TASK DIRECTIONS: Write out the records again exactly and exclude the pictures.

[Dataset records]
+--
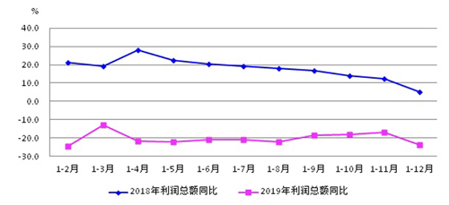 圖4為2019年1-12月份機床工具行業利潤總額同比變化與2018年利潤總額同比變化的對比。由圖可見,2018年1-4月累計利潤總額同比增長達到峰值,其后逐月下行,但全年各月利潤總額累計同比始終保持增長。而2019年各月利潤總額累計同比均為降低。
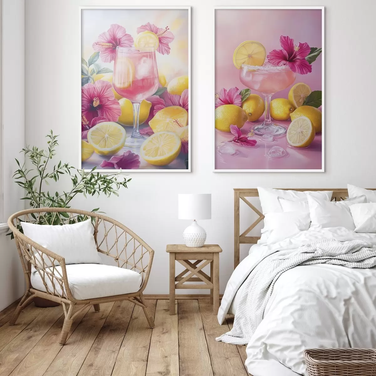Poster Cocktails met hibiscusbloemen en citroenen, zomer, sappig, aquarelstijl N° d00446
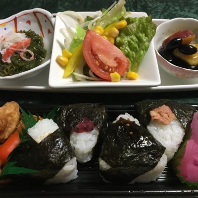 おむすび弁当、メカブとカニカマの甘酢、野菜サラダ、黒豆煮。
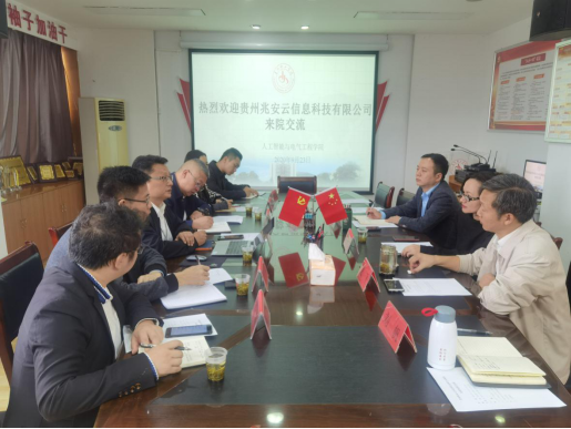 本网讯(人工智能与电气工程学院 刘帆/文图)2020年9月23日上午,贵州兆安云信息科技有限公司董事长赵钢、总经理陈光孟一行6人来院交流。学院党总支书记王婷婷、副院长龙飞、人工智能与智能控制特色重点实验室主任霍雨佳及相关人员参加了此次交流会。会议由副院长龙飞主持。
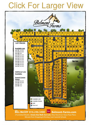 Belmont Farms is located in south Lee’s Summit, near 291 highway and 150 highway in the award winning R-7 Lee’s Summit school district. Students attend Trailridge Elementary, Summit Lakes Middle School and Lee’s Summit West high school. The large estate sized lots are tucked away in this beautiful, quiet community but just minutes from shopping, dining and highway access. Our award winning builders are offering a variety of floor plans, many new to the area. Come enjoy affordable estate living at Belmont Farms!
+--
REPLY TO THE EXERCISE:
 圖4為2019年1-12月份機床工具行業利潤總額同比變化與2018年利潤總額同比變化的對比。由圖可見,2018年1-4月累計利潤總額同比增長達到峰值,其后逐月下行,但全年各月利潤總額累計同比始終保持增長。而2019年各月利潤總額累計同比均為降低。
Poster Cocktails met hibiscusbloemen en citroenen, zomer, sappig, aquarelstijl N° d00446
 おむすび弁当、メカブとカニカマの甘酢、野菜サラダ、黒豆煮。
 本网讯(人工智能与电气工程学院 刘帆/文图)2020年9月23日上午,贵州兆安云信息科技有限公司董事长赵钢、总经理陈光孟一行6人来院交流。学院党总支书记王婷婷、副院长龙飞、人工智能与智能控制特色重点实验室主任霍雨佳及相关人员参加了此次交流会。会议由副院长龙飞主持。
 Belmont Farms is located in south Lee’s Summit, near 291 highway and 150 highway in the award winning R-7 Lee’s Summit school district. Students attend Trailridge Elementary, Summit Lakes Middle School and Lee’s Summit West high school. The large estate sized lots are tucked away in this beautiful, quiet community but just minutes from shopping, dining and highway access. Our award winning builders are offering a variety of floor plans, many new to the area. Come enjoy affordable estate living at Belmont Farms!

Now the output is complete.